___ Input records ___
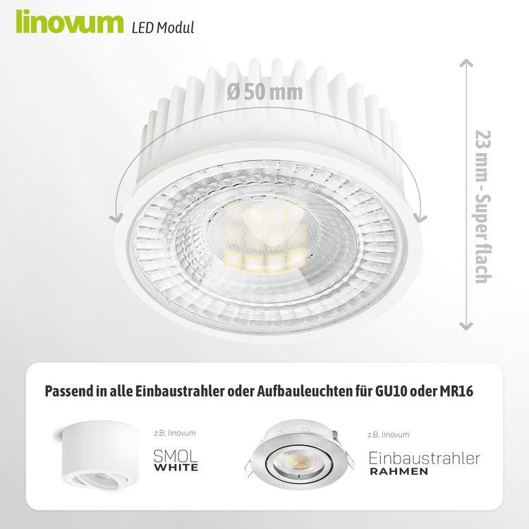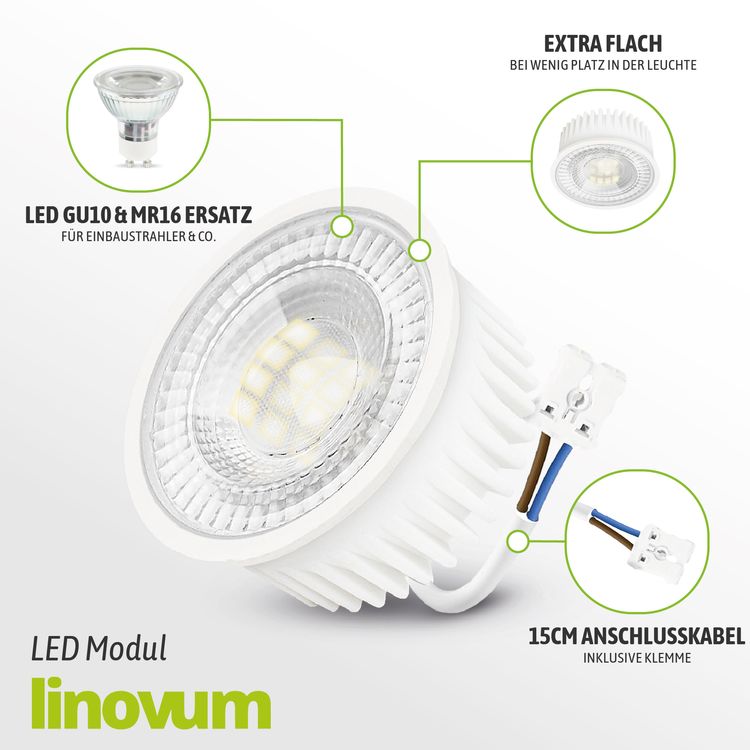 Das linovum LED Modul vereint moderne Technologie mit einem angenehmen warmweißen Licht (3000 Kelvin), das für eine gemütliche Atmosphäre sorgt.
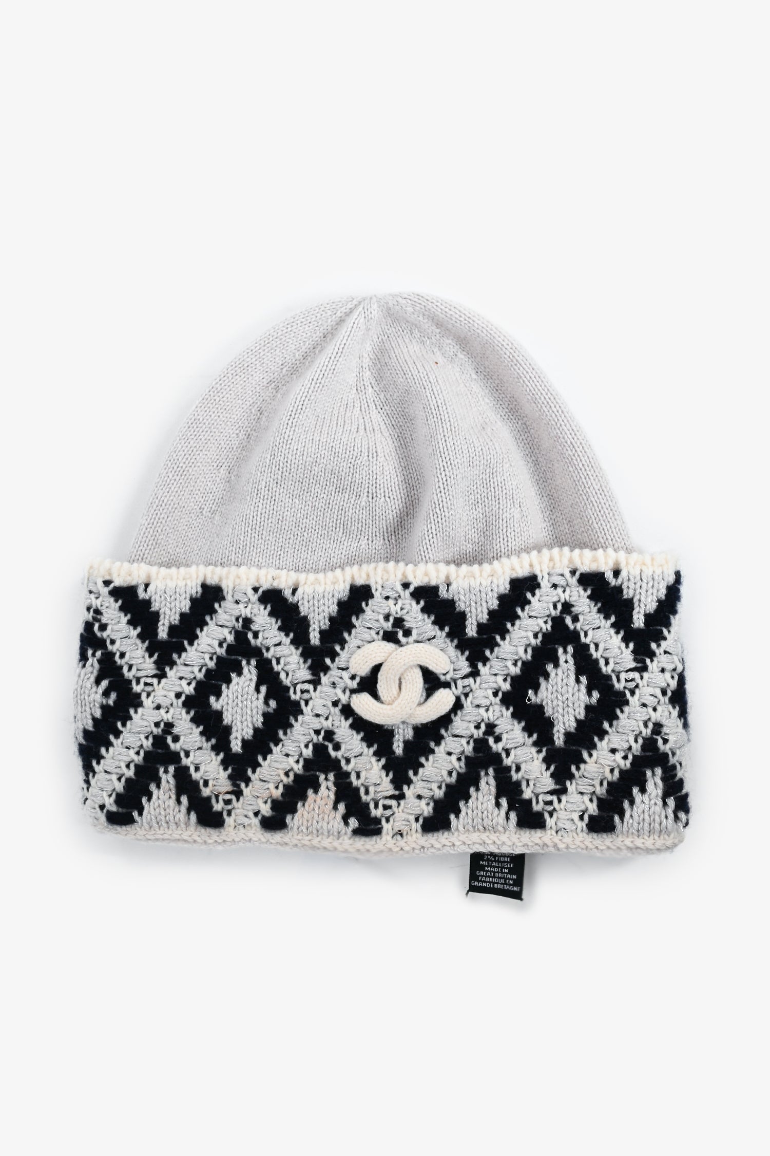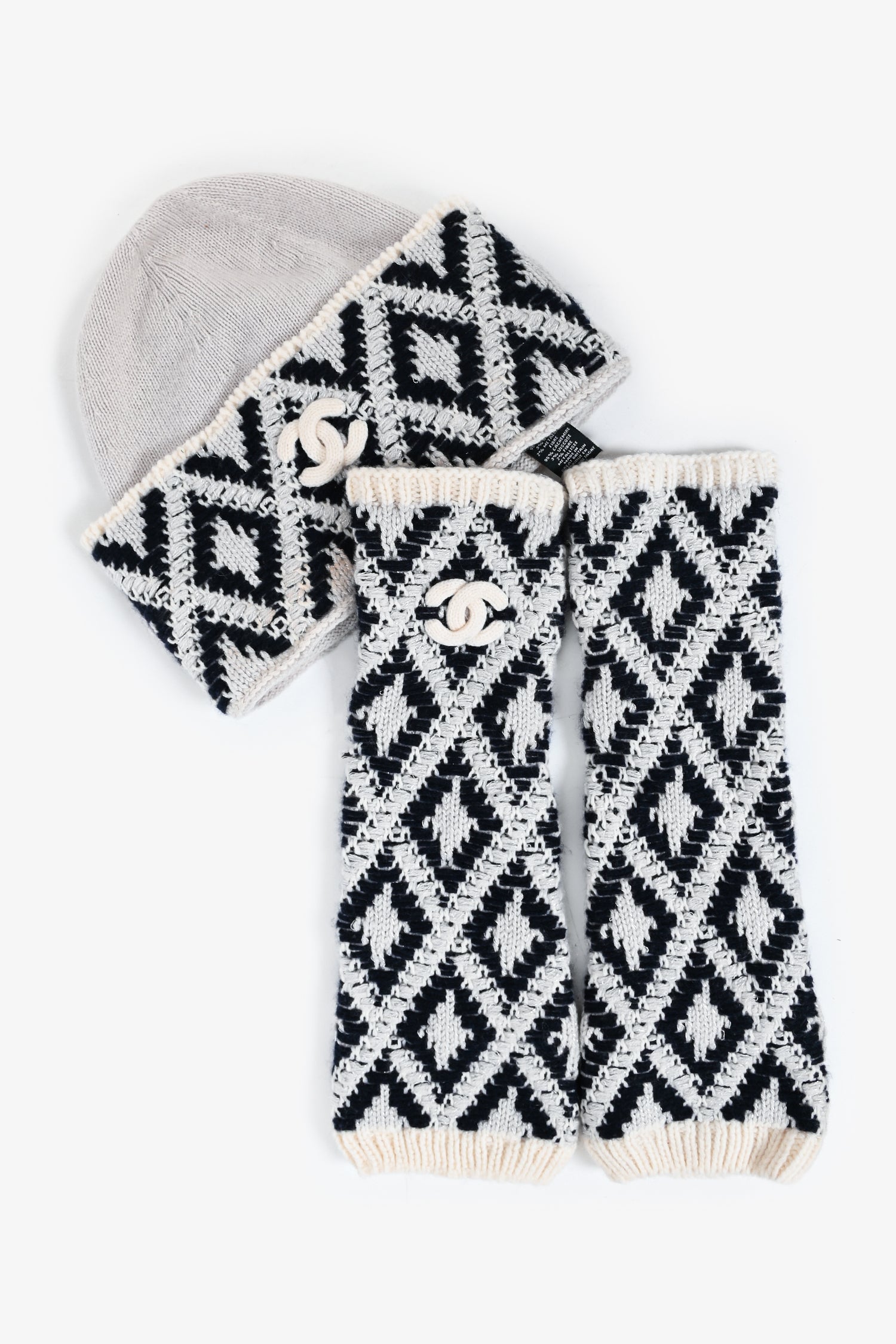Pre-Loved Chanel™ Grey/Navy Blue Cashmere Blend Knit Beanie + Fingerless Gloves Set
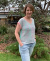 The V is a deep V. This can be shortened using additional edging rows/rounds. There are 3 V neck depths depending on size being made.
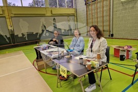 Утрехт (6 юни 2024) Нидерландия гласува днес на евроизборите, първа сред страните от Европейския съюз. Нидерландците ще изпратят 31 депутати в новия 720-местен Европейски парламент. За участие са регистрирани рекорден брой партии и кандидати: 20 партии от почти целия политически спектър и 497 кандидати. Гласуването по традиция започва в 7,30 сутринта, но секции на гарите отвориха по-рано, тъй като много хора минават оттам на път за работа или учене. След 21 часа, когато ще приключи гласуването, ще стана известни първите екзит-полове. На снимката: гласуване в спортната зала на кварталното училище "Принцеса Маргийт".
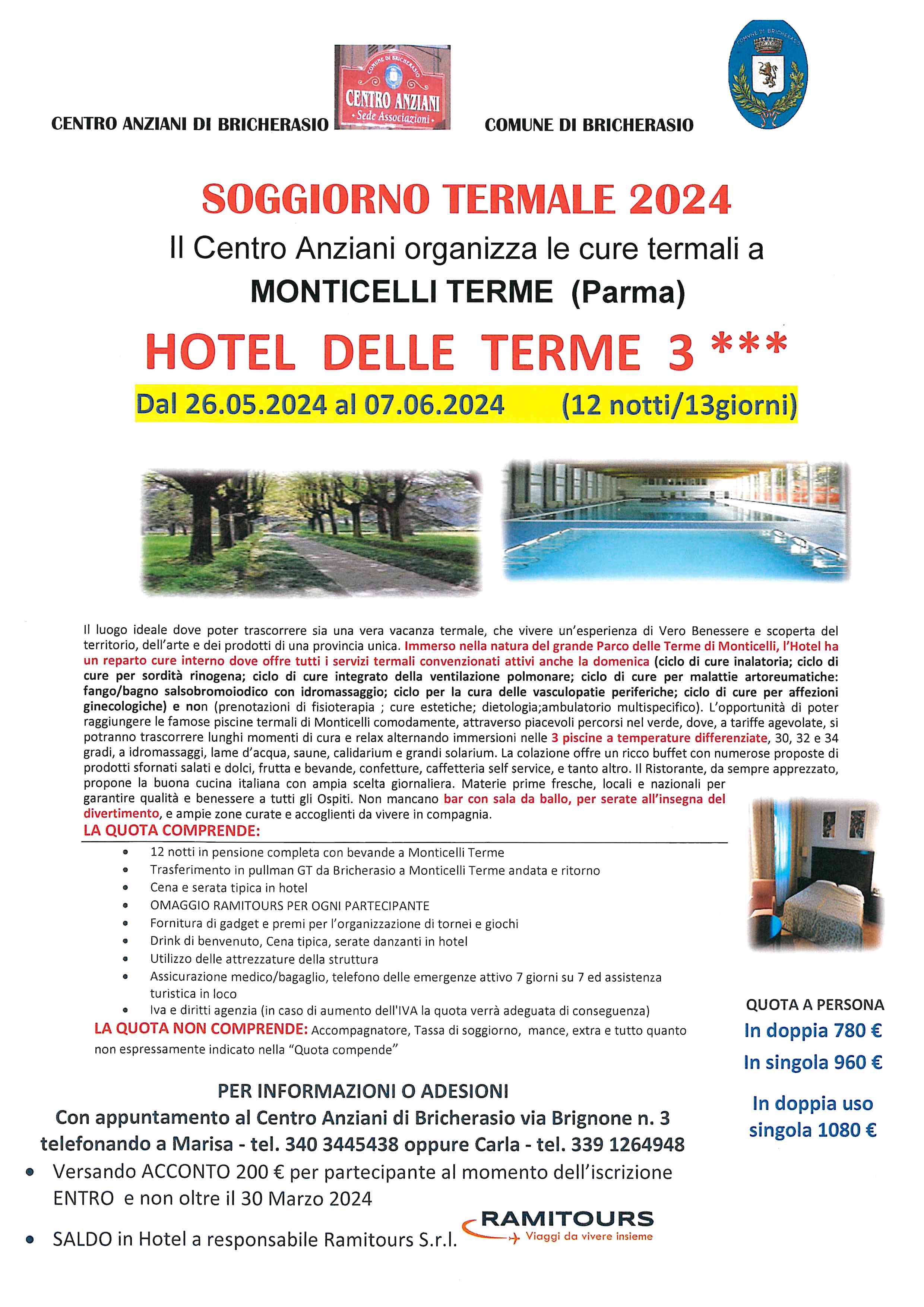 Il Centro Anziani di Bricherasio ha organizzato il tradizionale soggiorno con cure termali a Monticelli Terme, in provincia di Parma, da domenica 26 maggio a venerdì 7 giugno. Il costo per il soggiorno di 13 giorni è di € 780,00 in camera doppia, di € 960,00 nella camera singola e di € 1080,00 per l'uso della camera doppia uso singolo.
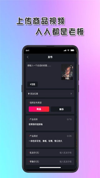 2、每个人都能上传商品视频,人人都是老板,门槛非常的低,可以快速的赚取到第一桶金。平台为个人卖家提供了完善的入驻流程和运营工具,零基础用户也能轻松开店,通过短视频带货实现创业梦想,创造额外收入来源。
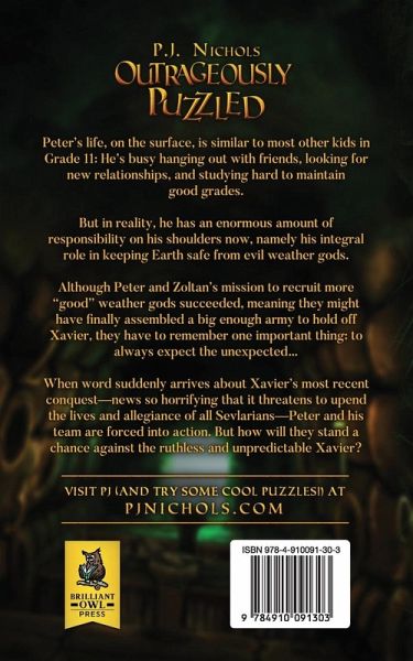 An adventure series filled with mystery, suspense, and fantasy - for kids ages 9-12 and teens Peter's life, on the surface, is similar to most other kids in Grade 11: He's busy hanging out with friends, looking for new relationships, and studying hard to maintain good grades. But in reality, he has an enormous amount of responsibility on his shoulders now, namely his integral role in keeping Earth safe from evil weather gods. Although Peter and Zoltan's mission to recruit more "good" weather gods succeeded, meaning they might have finally assembled a big enough army to hold off Xavier, they have to remember one important thing: to always expect the unexpected... When word suddenly arrives about Xavier's most recent conquest-news so horrifying that it threatens to upend the lives and allegiance of all Sevlarians-Peter and his team are forced into action. But how will they stand a chance against the ruthless and unpredictable Xavier?
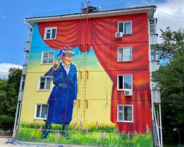 Еще один его проект - мурал на торце здания по улице Омарова, 64, под названием "Безбородый обманщик".
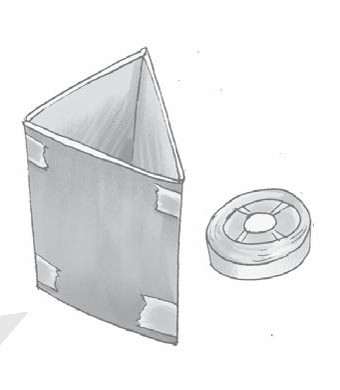 步骤3在三角空心体的外面卷上硬纸板,让玻璃球出个头。
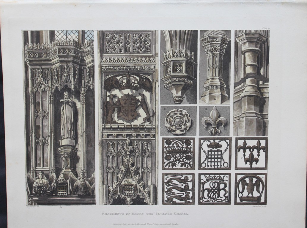 Lot 15317: F Mackenzie- Henry VII fragments in Westminster Abbey by T Sutherland 1812
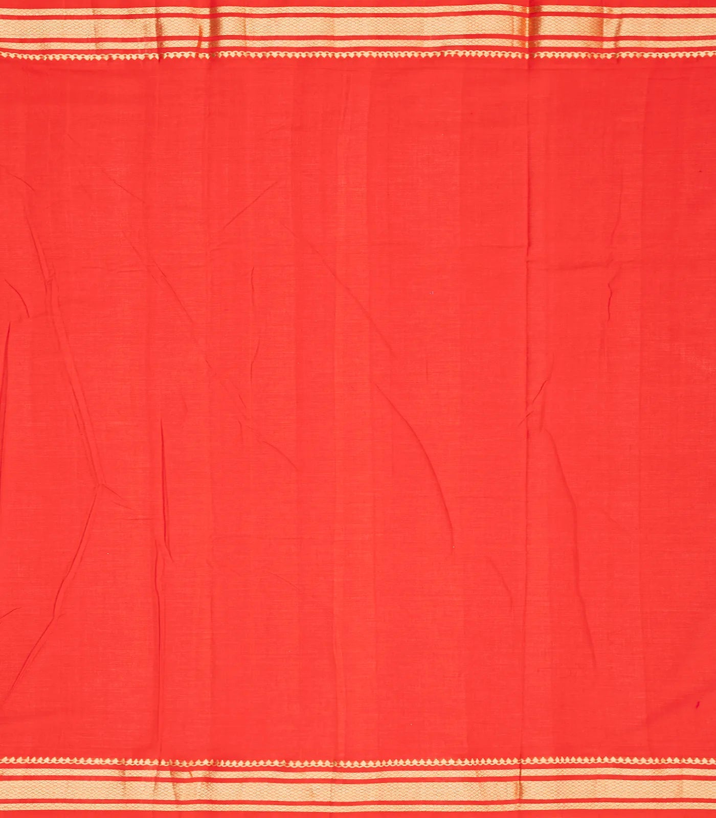 Red Handloom Paithani Cotton Saree With Mango Buttas-Red
___
--- What needs to be done ---
Print exactly the first line of the entries and every line after it through the one that contains "2、每个人都能上传商品视频,人人都是老板", leaving the pictures out.

--- Task solution ---
 Das linovum LED Modul vereint moderne Technologie mit einem angenehmen warmweißen Licht (3000 Kelvin), das für eine gemütliche Atmosphäre sorgt.
Pre-Loved Chanel™ Grey/Navy Blue Cashmere Blend Knit Beanie + Fingerless Gloves Set
 The V is a deep V. This can be shortened using additional edging rows/rounds. There are 3 V neck depths depending on size being made.
 Утрехт (6 юни 2024) Нидерландия гласува днес на евроизборите, първа сред страните от Европейския съюз. Нидерландците ще изпратят 31 депутати в новия 720-местен Европейски парламент. За участие са регистрирани рекорден брой партии и кандидати: 20 партии от почти целия политически спектър и 497 кандидати. Гласуването по традиция започва в 7,30 сутринта, но секции на гарите отвориха по-рано, тъй като много хора минават оттам на път за работа или учене. След 21 часа, когато ще приключи гласуването, ще стана известни първите екзит-полове. На снимката: гласуване в спортната зала на кварталното училище "Принцеса Маргийт".
 Il Centro Anziani di Bricherasio ha organizzato il tradizionale soggiorno con cure termali a Monticelli Terme, in provincia di Parma, da domenica 26 maggio a venerdì 7 giugno. Il costo per il soggiorno di 13 giorni è di € 780,00 in camera doppia, di € 960,00 nella camera singola e di € 1080,00 per l'uso della camera doppia uso singolo.
 2、每个人都能上传商品视频,人人都是老板,门槛非常的低,可以快速的赚取到第一桶金。平台为个人卖家提供了完善的入驻流程和运营工具,零基础用户也能轻松开店,通过短视频带货实现创业梦想,创造额外收入来源。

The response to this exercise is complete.